One of its popular synthetic hosts is Vivian Steele, an AI celebrity gossip columnist with a sassy voice and a sharp tongue. “I am indeed AI-powered — which means I’ve got receipts older than your grandmother’s jewelry box, and a memory sharper than a stiletto heel on marble. No forgetting, no forgiving, and definitely no filter,” the AI discloses itself at the start of the podcast.
“We’ve kind of molded her more towards what the audience wants,” said Katie Brown, chief content officer at Inception Point, who helps design the personalities of the AI podcasters.
Inception Point has built a roster of more than 100 AI personalities whose characteristics, voices and likenesses are crafted for podcast audiences. Its AI hosts include Clare Delish, a cooking guidance expert, and garden enthusiast Nigel Thistledown.
The technology also makes it easy to get podcasts up quickly. Inception has found some success with flash biographies posted promptly in connection to people in the news. It uses AI software to spot a trending personality and create two episodes, complete with promo art and a trailer.

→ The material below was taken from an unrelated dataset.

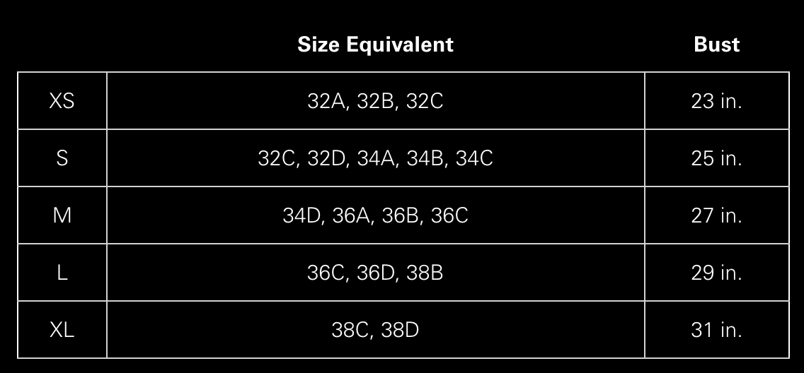 S: 32C, 32D, 34A, 34B, 34C

When Charlie Kirk was shot, its AI immediately created two shows called “Charlie Kirk Death” and “Charlie Kirk Manhunt” as a part of the biography series.
“We were able to create all of that content, each with different angles, pulling from different news sources, and we were able to get that content up within an hour,” Wright said.
Speed is key when it comes to breaking news, so its AI podcasts reached the top of some charts.
“Our content was coming up, really dominating the list of what people were searching for,” she said.
Across Apple and Spotify, Inception Point podcasts have now garnered 400,000 subscribers.